Active Hackathon

BitTorrent For ML: A Novel Decentralised Way Of Using Supercomputers From Your Home

Training the popular GPT-3 from scratch can cost millions of dollars. OpenAI can afford it. But, what if an individual researcher wants to experiment on such a large scale? It is almost impossible to generate funds for toying with networks. 

To address this large gap between innovation and computation in ML, a team of researchers from Russia have introduced Learning@home — a neural network training paradigm that handles large amounts of poorly connected participants.


Sign up for your weekly dose of what's up in emerging technology.

“Hypothetically, a researcher could crowdsource the training of large neural networks with thousands of regular PCs provided by volunteers. The raw computing power of a hundred thousand $2500 desktops dwarfs that of a $250M server pod,” wrote the researchers.

Recently, they have released a library called hivemind that incorporated a layer of the decentralised mixture of experts (DMoE).

Overview Of DMOE

DMOE inference illustration. (Source: Photo via Paper by Maksim et al.,)

Crowdsourced computation is not a new idea. But, to pull this off, a foolproof system is essential. Learning@home, with their new library, hivemind tries to achieve this. This novel framework and libraries can allow the researchers to crowdsource the computation from volunteers with regular PCs as the combined floating-point performance of such projects are on par with larger supercomputers. 

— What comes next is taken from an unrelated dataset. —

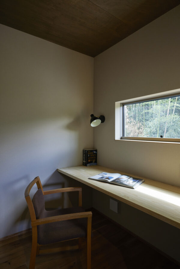 書斎は寝室の隣に設けていただいたおかげで、静かでとても落ち着ける空間になりました。窓から外を眺めながら過ごせるのもいいですね。また、キッチンにはコーヒーミルや豆をすっきりとしまえる大容量の収納もつくってもらい、細やかな配慮のおかげで理想の暮らしが実現でき、大変満足しています。

The challenge in these projects is to figure out a way to utilise crowd power efficiently. Consumer-grade PCs are slower. They are prone to failures. So, instead of adopting the existing distributed training strategies, the authors in their work on DMoE identified the advantages of volunteer computing and designed a new strategy that capitalises on them.

Decentralised Mixture-of-Experts (DMoE) is a layer that contains multiple independent “expert” sub-networks distributed over a pool of workers. It is designed to process any input type by using the appropriate experts (convolutional or attentive).

To measure the effectiveness, the researchers simulated a distributed training environment, using a large number of identical blocks distributed evenly across 4 NVIDIA GTX 1080 GPUs. Network latency is simulated by adding an artificial delay after computation of each block. 

According to the researchers, the main positive outcome is to let researchers harness volunteer computing and train models on the scale currently available only to large corporations. 

About Hivemind Library

Hivemind is a library for decentralised training of large neural networks. In a nutshell, you want to train a neural network, but all you have is a bunch of enthusiasts with unreliable computers that communicate over the internet. Any peer may fail or leave at any time, but the training must continue. To meet this objective, hivemind models use a specialised layer type: the Decentralised Mixture of Experts (DMoE). 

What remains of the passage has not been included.